Background information
- Born: November 13, 1941 Vicksburg, Mississippi, U.S.
- Died: May 19, 1991 (aged 49) Oakland Medical Center, Oakland, California, U.S.
- Genres: Adult contemporary, Pop
- Occupation: Singer
- Formerly of: Paul Anka

= Odia Coates =

American singer

Odia Coates (November 13, 1941 – May 19, 1991) was an African-American singer, best known for her high-profile hits with Canadian singer-songwriter Paul Anka.

==Early life==
The daughter of an evangelical minister, Odia Coates was born in Vicksburg, Mississippi. As a young child her family moved to Watts, California, where her father served as pastor in the Beautiful Gates Church Of God In Christ, where she sang in the church choir. She eventually became a member of the Northern California State Youth Choir, co-founded by Edwin Hawkins and later became a member of Sisters Love.

==Work with Paul Anka==
Coates is best remembered for her duet with Paul Anka, "(You're) Having My Baby", that went to No. 1 on the Billboard Hot 100 on August 24-September 7, 1974. Having heard Coates singing on an Edwin Hawkins Singers gospel album, he decided to use her on the recording as it needed a female voice. Anka was pleased with the results (both artistically and commercially; the song reached number one) and recorded several more songs with her. The two recorded several more Top 10 & Top 20 hits, including 1974's "One Man Woman/One Woman Man" and 1975's "I Don't Like to Sleep Alone" and "(I Believe) There's Nothing Stronger Than Our Love". She recorded "Make It Up to Me in Love", a sequel to "One Man Woman/One Woman Man", with Anka in 1977.

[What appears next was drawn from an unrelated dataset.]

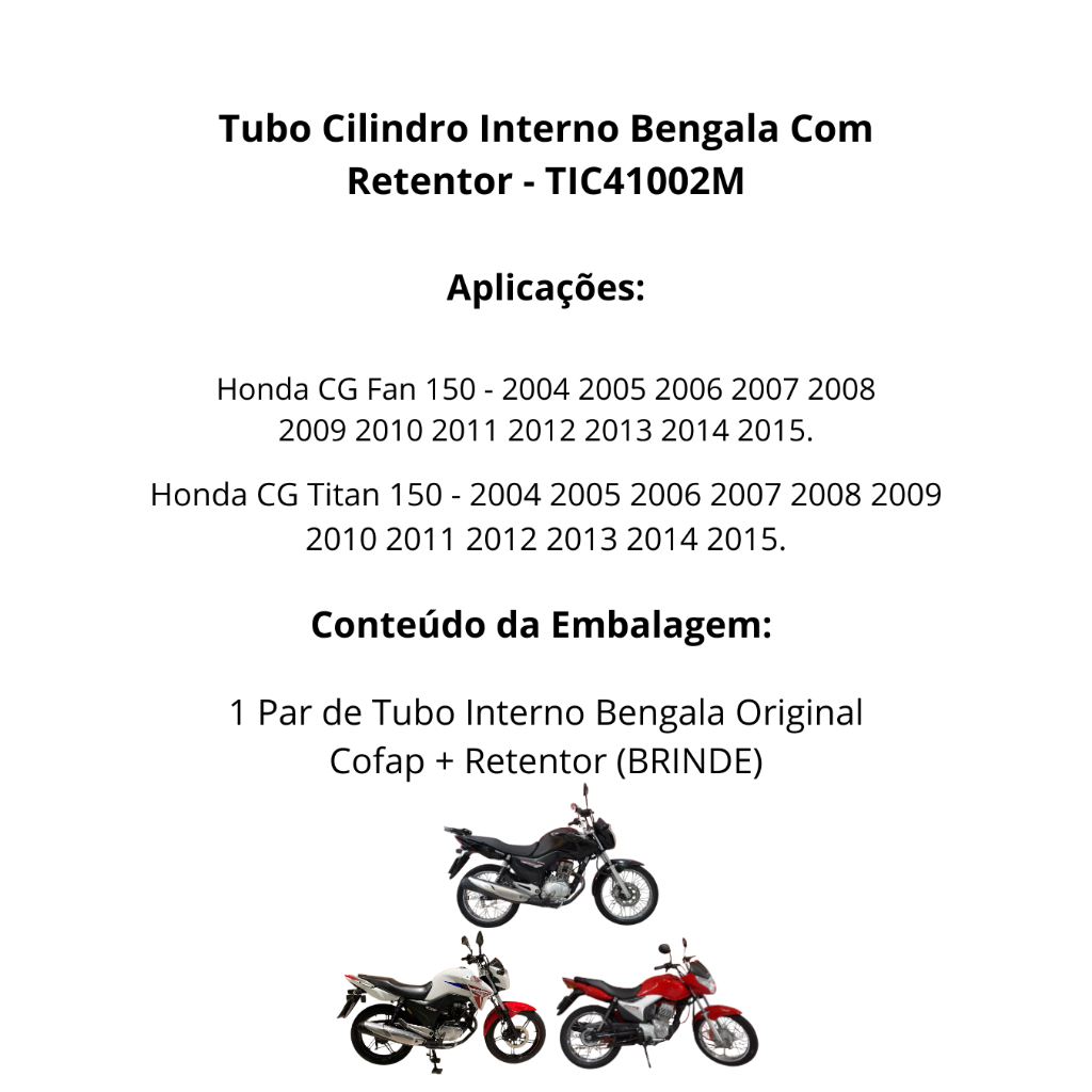Par Tubo Interno Bengala Cilindro C/Retentor Fan Titan 150 2004 até 2015 Original Cofap

In Australia, "One Man Woman" peaked at number 35, while "(I Believe) There's Nothing Stronger Than Our Love" peaked at number 83, both in 1975.

==Solo work==
Coates had minor success as a solo artist with the Anka-penned track "You Come And You Go" and a cover of the Electric Light Orchestra song "Showdown". Both songs come from her only self-titled solo album released in 1975 by United Artists Records with producer Rick Hall. Coates also recorded "Make It Up To Me Baby", released on Buddah Records in 1973, written by Anka and Johnny Harris and very much sought after by soul collectors. She was working on solo album in Las Vegas at L.A.W. Recording Studios in 1984-5, with producer Lee Waters. Tracks were cut at LAW and Paramount and Sunset studios in LA.

==Death==
Odia Coates died from breast cancer in 1991, aged 49, at Oakland Medical Center following a four-year battle with the disease.